Friday 9 April 2010

TCP Throughput Over Long Fat Networks : “Why am I not getting the throughput I’m paying for?”

Throughput. We all know what that is: how much ‘stuff’ you can move in a period of time, which in the IT world means bits or bytes per second. We also know intuitively about the things which limit throughput; the capacity of a resource and the competing demands for it.

A concept harder to grasp perhaps is the idea that throughput is limited by physical distance and other network delays which, in the case of TCP, it is. This isn’t something we notice every day because our ubiquitous use of TCP - as HTTP browsing - rarely touches this throughput limit. There can however be real business consequences of this effect anywhere enterprises are moving large volumes of data over long physical distances.

Luckily this TCP throughput limit only exists within individual TCP sessions and doesn’t affect capacity for multiple, concurrent TCP flows. Fortunately there’s also a solution which we’ll come to later.

So what is this TCP throughput constraint and why does it exist?

Back in December 1974 Mud (no, not Elvis) had a UK Number 1 with ‘Lonely this Christmas’ and the first TCP specification (RFC675) was published with a 16 bit window size. The window size is the maximum amount of data which can be sent before an acknowledgement is required. The window size can be varied by the receiver to assert flow control but can’t increase beyond 65535 bytes. As the Round Trip Time (RTT) of the network increases, the sender has to wait longer for an acknowledgement before starting to send the next window.

Queuing delays at network hops and long distance propagation delays are significant components of the RTT and certain finite delays can’t be tuned out of the system. Change any of these delay components and the maximum TCP throughput changes and can fluctuate in the course of a transmission and indeed be different in each direction.

By way of example a network path with a RTT of 10ms has a TCP throughput limit of 52Mbit/s including protocol overhead which, with large frames, is about 49Mbit/s of real application data; the so-called ‘goodput’. Halve the RTT and the throughput doubles and vice versa.
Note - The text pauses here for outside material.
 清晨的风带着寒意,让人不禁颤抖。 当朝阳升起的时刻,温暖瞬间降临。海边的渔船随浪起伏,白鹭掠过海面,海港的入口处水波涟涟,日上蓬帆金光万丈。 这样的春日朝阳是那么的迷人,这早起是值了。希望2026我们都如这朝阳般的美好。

Even if the Gigabit link to your data centre has an RTT of only 1ms, a bog-standard TCP session could only half fill it. Equally enlightening is that the absolute throughput reduction due to 1ms of extra RTT will halve 500MBit/s to 250Mbit/s but only reduces 50Mbit/s by to 45Mbit/s – the effect of RTT variability is worse at higher throughputs.
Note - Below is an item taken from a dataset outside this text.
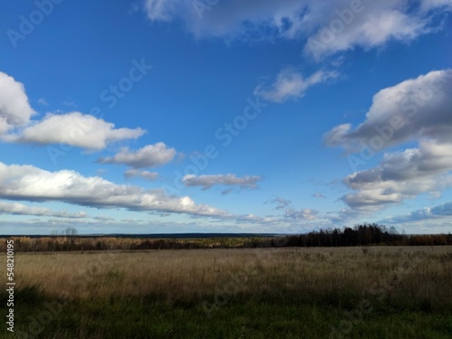 Clouds hang over the field in even rows. On an autumn sunny day, cumulus clouds hang over a distant forest and a meadow with yellowed grass. The White Clouds lined up in long, even rows.

The relationship between the path capacity and the path latency determines where performance-limiting factors may lie. Paths with high capacity & high latency will be limited by TCP throughput whereas paths with low capacity and low latency are limited by the data link capacity. This relationship is referred to as the ‘bandwidth delay product’ and is a measure of how much data could be in transit – in the pipe but not yet received - at any point in time. Networks with a high bandwidth delay product are called ‘Long Fat Networks’ or LFNs for short.

If the bandwidth delay product is greater than the TCP window size then the entire window can be in transit. The receiver must sit and wait for it to arrive and then clock it into the buffers before an acknowledgement can be sent. This stop-start pumping effect reduces the effective throughput across LFNs.

So what can be done about this TCP throughput limit?

RFC1323 ‘TCP Extensions for High Performance’ offers a solution called Window Scaling. This is a TCP Option (3) negotiated by both sides during TCP connection establishment to indicate their willingness to shift the advertised window bitwise to the left, doubling it in size each time. A window scale factor of 0 indicates scaling capability but zero scaling, a window scale factor of 1 doubles the maximum advertised window from 65.5KByte to 131KByte. The highest scale factor of 14 can increase the maximum window to just over 1GByte.

Most TCP stacks have incorporated the Window Scale option by default for some time – it’s been around since 1992 after all – but there are a few considerations: Firstly the TCP receive buffer size must be large enough to absorb the increased window size. Secondly there’s a reliability trade-off because losing a single frame within a scaled window will require the whole window to be retransmitted with a further impact on net throughput. Thirdly, TCP congestion avoidance schemes may still limit the ability of the window to ever achieve its maximum size. Fourthly some network devices – most notably firewalls – have been known to re-write the Window Scale option with unpredictable results. The Fifth effect is that aggressive TCP Window scaling can create unfair bandwidth hogging which might not always be desirable.

So how can you engineer the TCP throughput required by particular business applications?

The first step is to understand the real world performance objectives or KPIs. If the raw throughput of individual TCP sessions is paramount then begin by looking at whether the bandwidth-delay product of the proposed network path exceeds the standard TCP window size.

The next step is to make sure that the end systems are tuned both in terms of buffers and two-way support for RFC1323. I’d always recommend throughput testing in conjunction with protocol analysis to validate this and also highlight the effect of congestion avoidance schemes.

I advise impairment testing too because introducing incremental delays and loss under controlled conditions can you get a really good feel for the point at which the tuned system fails to yield throughput returns. A method of monitoring the throughput being achieved may also be necessary prove that the network service is delivering to throughput KPIs and the business is getting what its paying for.